Should vertical tab character be included in ASCII whitespace?
What is the issue with the Infra Standard?
This definition of ASCII whitespace does not include U+000B VT: https://infra.spec.whatwg.org/#ascii-whitespace
I looked on wikipedia which links to what looks like the unicode standard which calls VT whitespace.
I noticed this while implementing https://github.com/whatwg/dom/pull/1079 because VT is also considered whitespace in an old helper method in chromium.
I think most parts of the web platform do not consider VT whitespace. I don't recall where this was discussed though; maybe @annevk does.
We should definitely document this either way, similar to how we document U+000C FF. (https://github.com/whatwg/infra/pull/649)
I'm curious which parts of Chromium consider VT whitespace and which parts do not. Do you know? Based on the code search, it looks like some parts of Chromium do consider it, including parts which per spec should not.
I wonder if we have web platform tests for this... eventually we should, for all the places "ASCII whitespace" is used on the platform. (I guess for FF as well.)
But, I also don't want to make anyone shave this yak in a way that blocks https://github.com/whatwg/dom/pull/1079 :)
I think most parts of the web platform do not consider VT whitespace.
Unless for some reason we’re explicitly not considering JavaScript implementations, it seems worth noting here that the “White Space Code Points” definition in the ES spec includes U+000B VT.
Based on the code search, it looks like some parts of Chromium do consider it, including parts which per spec should not.

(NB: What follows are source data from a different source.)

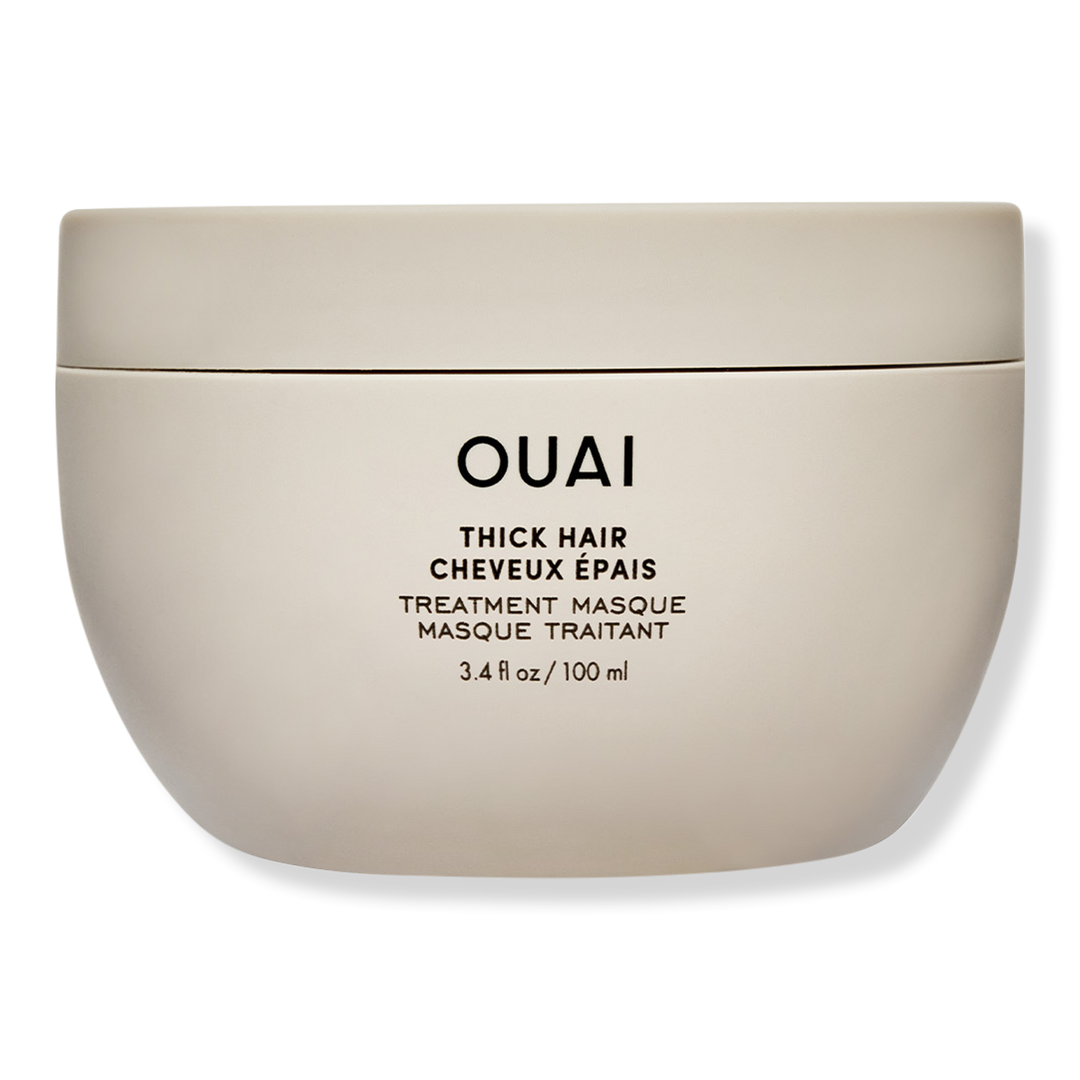 OUAI's Thick Hair Treatment Masque is a mask that helps restore hydration, fight frizz, smooth split ends and strengthen thick hair with almond, macadamia & olive oils, shea & illipe butters and hydrolyzed keratin.
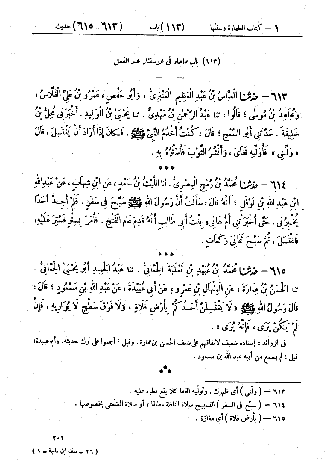 615 - حَدَّثَنَا مُحَمَّدُ بْنُ عُبَيْدِ بْنِ ثَعْلَبَةَ الْحِمَّانِيُّ قَالَ: حَدَّثَنَا عَبْدُ الْحَمِيدِ أَبُو يَحْيَى الْحِمَّانِيُّ قَالَ: حَدَّثَنَا الْحَسَنُ بْنُ عُمَارَةَ، عَنِ الْمِنْهَالِ بْنِ عَمْرٍو، عَنْ أَبِي عُبَيْدَةَ، عَنْ عَبْدِ اللَّهِ بْنِ مَسْعُودٍ قَالَ: قَالَ رَسُولُ اللَّهِ صَلَّى اللهُ عَلَيْهِ وَسَلَّمَ: «§لَا يَغْتَسِلَنَّ أَحَدُكُمْ بِأَرْضِ فَلَاةٍ، وَلَا فَوْقَ سَطْحٍ لَا يُوَارِيهِ، فَإِنْ لَمْ يَكُنْ يَرَى، فَإِنَّهُ يُرَى»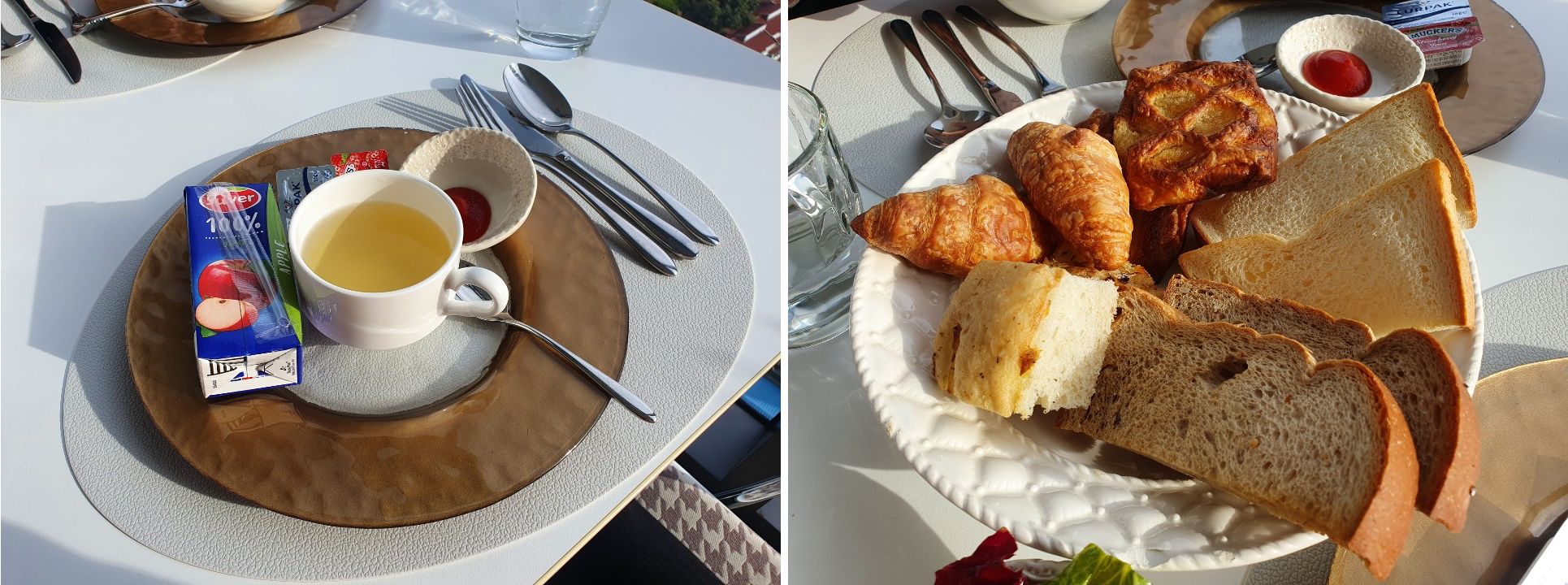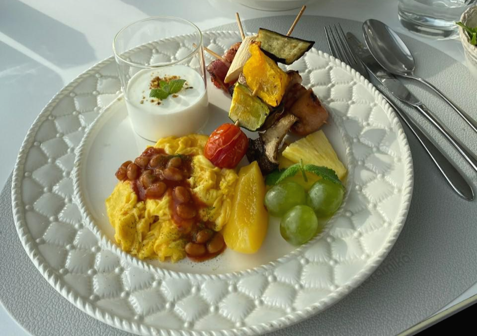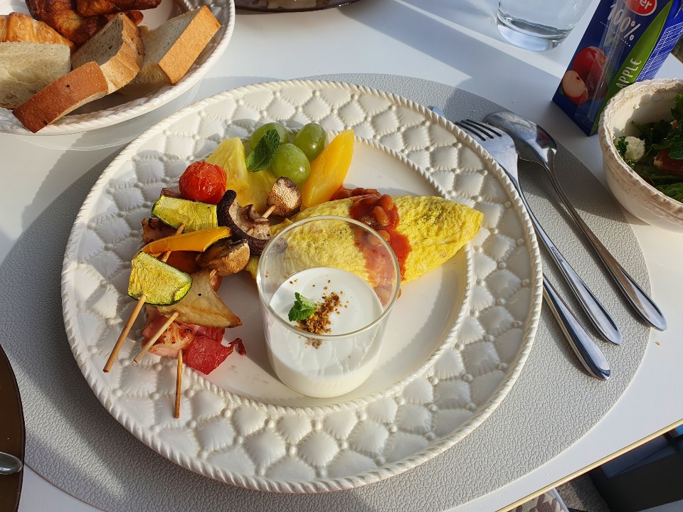 조식은 코스로 제공되었으며 메인 계란 요리를 스크램블과 오믈렛 중 선택할 수 있었습니다.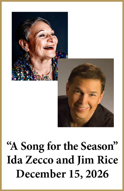 Buy Tickets HereWhat has now become a seasonal tradition, share the joy of this brightly packaged performance as Ida is joined by her long time Music Director and dear friend, Jim Rice. Ida and Jim sing selections from her successful CD “A Song for Christmas,” which has sold world-wide. It is a perfect, holiday entertainment – beautifully musical, filled with laughter and a performance that glitters with seasonal cheer!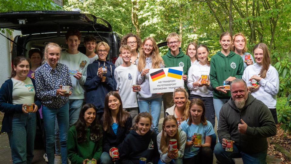In den vergangenen Tagen (29.08-01.09) waren alle Mitglieder der Schulgemeinschaft aufgerufen, hilfsbedürftige Menschen in der Ukraine zu unterstützen und dafür eine Konservendose mit Lebensmitteln zu spenden. Die Dosen wurden durch die Schülervertretung im Foyer der Turnhalle gesammelt und am Freitag, dem 01.09., an die Hilfsaktion „Lemberg wir kommen!“ übergeben, die die Dosen im Rahmen eines Hilfstransports in die Ukraine liefern wird.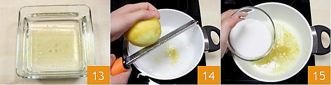 Bereiten Sie nun die Creme vor: Weichen Sie die Gelatineblätter in kaltem Wasser ein 13. Erhitzen Sie Wasser in einem kleinen Topf, reiben Sie die Schale einer Zitrone hinein 14 und fügen Sie dann den Zucker hinzu 15.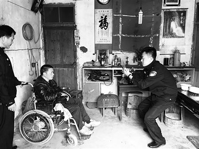 毛先生所在的外范高塘自然村海拔有840米,山路崎岖,到镇上要坐一个多小时的车,来去一趟不容易。此前,民警张汀在村里走访时得知,村民毛先生身份证遗失后一直没补办。具体了解后才知道,原来毛先生多年前因车祸导致半边肢体瘫痪,常年卧病在床,平时跟70多岁的老父亲生活在一起。因为身份证遗失,他的残疾证明、农村医疗保险等均无法办理。毛先生也一直想补办身份证,但因身体原因根本没法到镇上去。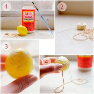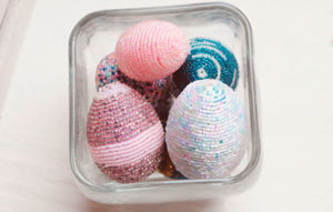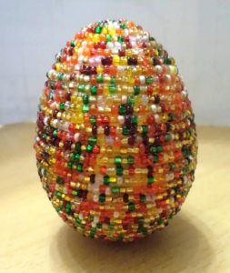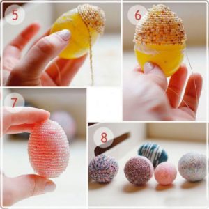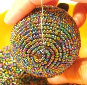 Спочатку на волосінь нанизують бісер, щоб вийшла довга ланцюжок. Після рясно змащують заготовку у вигляді яйця клеєм і починають обклеювати отриманої ланцюжком з бісеру заготівлю зверху.

I know that’s definitely the case for WebKit as well.
As far as the general pattern, I think that unless some feature has a spec which explicitly requires ASCII whitespace, the implementations use a looser definition of whitespace that includes VT.

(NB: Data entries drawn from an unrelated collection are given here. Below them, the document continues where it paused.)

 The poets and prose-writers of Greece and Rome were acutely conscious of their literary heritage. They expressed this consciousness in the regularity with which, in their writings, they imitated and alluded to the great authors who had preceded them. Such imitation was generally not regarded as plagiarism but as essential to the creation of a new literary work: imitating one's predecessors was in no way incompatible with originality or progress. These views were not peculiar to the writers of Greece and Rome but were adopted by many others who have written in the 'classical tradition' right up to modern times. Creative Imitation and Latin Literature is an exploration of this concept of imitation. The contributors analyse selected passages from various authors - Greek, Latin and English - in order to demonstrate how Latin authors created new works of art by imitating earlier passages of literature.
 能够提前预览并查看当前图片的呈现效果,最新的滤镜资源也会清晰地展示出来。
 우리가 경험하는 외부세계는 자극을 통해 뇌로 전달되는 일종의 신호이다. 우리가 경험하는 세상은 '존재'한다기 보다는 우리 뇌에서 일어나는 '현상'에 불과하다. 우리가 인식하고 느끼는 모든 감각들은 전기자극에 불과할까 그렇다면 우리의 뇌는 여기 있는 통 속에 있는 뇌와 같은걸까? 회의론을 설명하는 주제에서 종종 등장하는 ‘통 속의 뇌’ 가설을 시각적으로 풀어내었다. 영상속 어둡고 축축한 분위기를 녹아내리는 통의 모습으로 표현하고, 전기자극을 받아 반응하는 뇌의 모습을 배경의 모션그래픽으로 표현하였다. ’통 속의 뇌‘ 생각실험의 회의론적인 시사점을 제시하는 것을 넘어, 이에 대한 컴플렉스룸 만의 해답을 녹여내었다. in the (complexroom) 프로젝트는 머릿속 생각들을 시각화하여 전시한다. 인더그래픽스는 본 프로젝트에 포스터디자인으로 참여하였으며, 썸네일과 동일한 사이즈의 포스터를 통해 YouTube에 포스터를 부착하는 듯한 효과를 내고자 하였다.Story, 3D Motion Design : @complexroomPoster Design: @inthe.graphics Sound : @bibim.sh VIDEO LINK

But as far as the parts-which-per-spec-should-not cases, I’ve run across plenty of those in implementations. I think in some (or many) of those cases, it may be because there aren’t actually any WPT tests for checking it.
https://github.com/WebKit/WebKit/pull/24217 is one sorta related example. In that case, it’s new code. But the reason it hasn’t landed is because there are no existing WPT tests for it, and I never got around to making time to write the tests myself.
But I also vaguely recall that some (or many) parts of CSS code also use a broader definition of whitespace — rather than the CSS post-preprocessing whitespace thing (which is functionally equivalent to ASCII whitespace) thing that they should be using per-spec. But I could be misremembering.
I fixed a bunch of this in WebKit some years ago and added better helpers. There's still some things to be fixed, but I'm not in favor of changing this definition at this point. If anything it's already too wide.
JavaScript is not a good place to borrow from as for some inexplicable reason they use Unicode's definition of White Space, which changes over time. That's absolutely not what we'd want.
U+000B was removed from the list of "space characters" in HTML in https://github.com/whatwg/html/commit/63e2aeb0b399b4740460388264a1b523ac6ac752
I didn't find a relevant email or bug or IRC discussion from June 2008, though.
I suspect this can't be changed at least for the HTML parser without causing XSS issues.
https://software.hixie.ch/utilities/js/live-dom-viewer/saved/13786
The biggest things still outstanding from the WebKit audit I did are https://github.com/w3c/csswg-drafts/issues/8757 and improving CSP test coverage as Mike mentioned above. (WebKit still does CSP incorrectly, but it's an easy fix.)
Thanks! It sounds like VT should not be included in whitespace. I'll incorporate this into the WPTs and implementation I write for https://github.com/whatwg/dom/pull/1079
I added the tracker to make sure we capture decisions/information like this for posterity (rather than depending on memory). Note that this is covered by I18N's best practices doc here...
I18N discussed this in our 2025-05-22 call and I was actioned with adding our thoughts to this issue. Basically, we agree that, while VT is a "sort of whitespace" character, it would be disruptive and a Bad Idea to introduce it as such in HTML's syntax. We may proceed to add HTML to our table of whitespace flavors in our best practices document to help cement the idea that nothing is wrong here.
Sounds good, closing this as not planned accordingly.
Reopening since we should add a note to Infra similar to #649.